◆ **PROBLEM**:
Skip pictures in the listing below; copy exactly the lines from the one with "好消息!乌鲁木齐儿童医院公布各科室专家联系电话" through the one with "Additionally, it’s sitting", inclusive.

◆ **DATA**:
- Opening Delimiter -

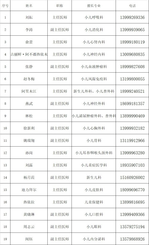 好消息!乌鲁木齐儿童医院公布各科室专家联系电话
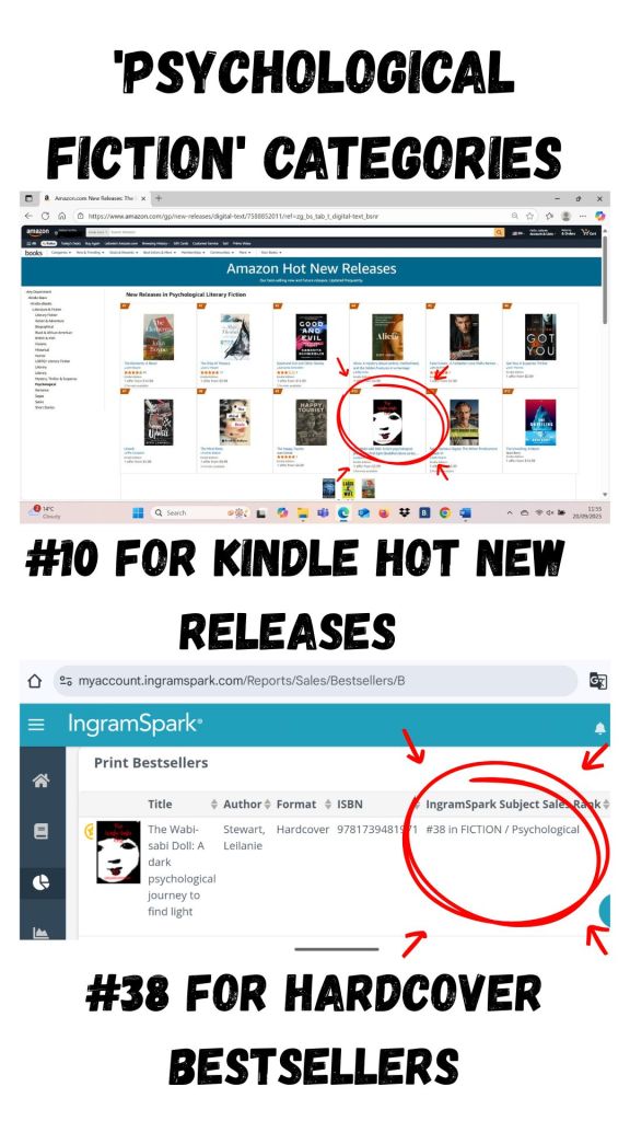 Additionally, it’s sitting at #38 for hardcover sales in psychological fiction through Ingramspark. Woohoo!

- Closing Delimiter -
- Opening Delimiter -

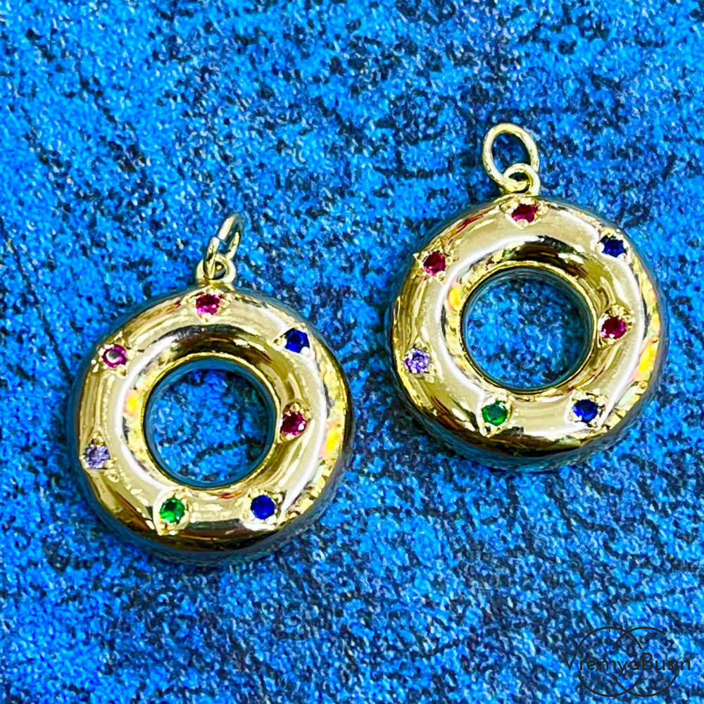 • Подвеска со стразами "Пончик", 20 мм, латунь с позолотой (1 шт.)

- Closing Delimiter -

◆ **ANSWER BELOW**:
 好消息!乌鲁木齐儿童医院公布各科室专家联系电话
 Additionally, it’s sitting at #38 for hardcover sales in psychological fiction through Ingramspark. Woohoo!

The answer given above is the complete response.